Task data section start
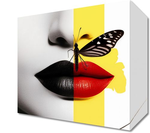 Obraz z serii abstrakcja zatytułowany Motyla Piękność. Ten obraz przedstawia twarz kobiety podzieloną na dwa kontrastujące segmenty: jeden w czerni i bieli, drugi w żywych kolorach z motylem na ustach. Ilustracja eksploruje temat dualizmu natury ludzkiej, piękna i jego zmienności. Obraz ten jest idealnym wyborem dla przestrzeni o współczesnym designie, takich jak salony piękności, studia artystyczne, a także jako wyrazisty element dekoracyjny w nowoczesnych domach.
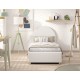 Moon er en polstret seng med opbevaring i størrelsen 90 x 200 cm, der giver børne- og ungdomsværelset et varmt, romantisk udtryk. Den bløde bouclé i hvid og den afrundede sengegavl skaber en rolig, hyggelig atmosfære, hvor det er nemt at slappe af. Under sengen får du ekstra plads til sengetøj og sæsonens ting, så værelset holder sig ryddeligt.
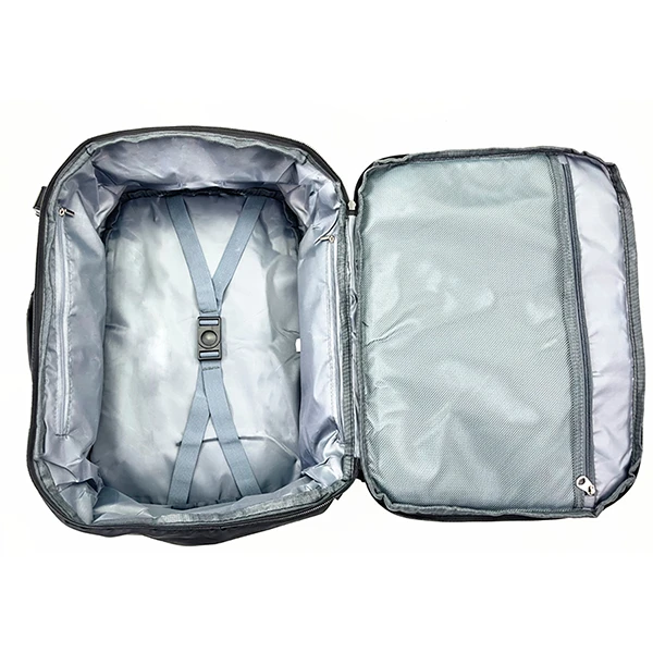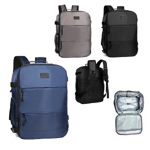 Mochila de Viaje Travel Tech 52585 Color: Negro, azul y gris. Medidas: 44cm de alto x 30cm de ancho x 17cm de profundidad. Material; 100% Poliester.
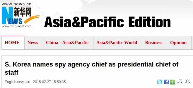 신화통신은 박 대통령은 새 국정원장에 이병호 전 국정원 2차장을 임명했으며 전직 기자와 세 명의 여당 국회의원을 각각 청와대 홍보수석과 청와대 정무특보에 임명했다는 소식을 전하며 기사를 마무리했다.
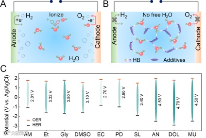 图10. 氢键化学机制及其对扩宽电化学稳定性窗口的影响 (A) 电池中HER和OER的示意图,以及 (B) 通过在水和添加剂之间形成氢键网络减少HER和OER的示意图。(C) 具有丰富氢键网络的混合电解质的电压窗口总结。
Task data section end
▸ **Exercise details**
With the pictures left out, return each entry exactly as written.

▸ **Solution to the exercise**
 Obraz z serii abstrakcja zatytułowany Motyla Piękność. Ten obraz przedstawia twarz kobiety podzieloną na dwa kontrastujące segmenty: jeden w czerni i bieli, drugi w żywych kolorach z motylem na ustach. Ilustracja eksploruje temat dualizmu natury ludzkiej, piękna i jego zmienności. Obraz ten jest idealnym wyborem dla przestrzeni o współczesnym designie, takich jak salony piękności, studia artystyczne, a także jako wyrazisty element dekoracyjny w nowoczesnych domach.
 Moon er en polstret seng med opbevaring i størrelsen 90 x 200 cm, der giver børne- og ungdomsværelset et varmt, romantisk udtryk. Den bløde bouclé i hvid og den afrundede sengegavl skaber en rolig, hyggelig atmosfære, hvor det er nemt at slappe af. Under sengen får du ekstra plads til sengetøj og sæsonens ting, så værelset holder sig ryddeligt.
 Mochila de Viaje Travel Tech 52585 Color: Negro, azul y gris. Medidas: 44cm de alto x 30cm de ancho x 17cm de profundidad. Material; 100% Poliester.
 신화통신은 박 대통령은 새 국정원장에 이병호 전 국정원 2차장을 임명했으며 전직 기자와 세 명의 여당 국회의원을 각각 청와대 홍보수석과 청와대 정무특보에 임명했다는 소식을 전하며 기사를 마무리했다.
 图10. 氢键化学机制及其对扩宽电化学稳定性窗口的影响 (A) 电池中HER和OER的示意图,以及 (B) 通过在水和添加剂之间形成氢键网络减少HER和OER的示意图。(C) 具有丰富氢键网络的混合电解质的电压窗口总结。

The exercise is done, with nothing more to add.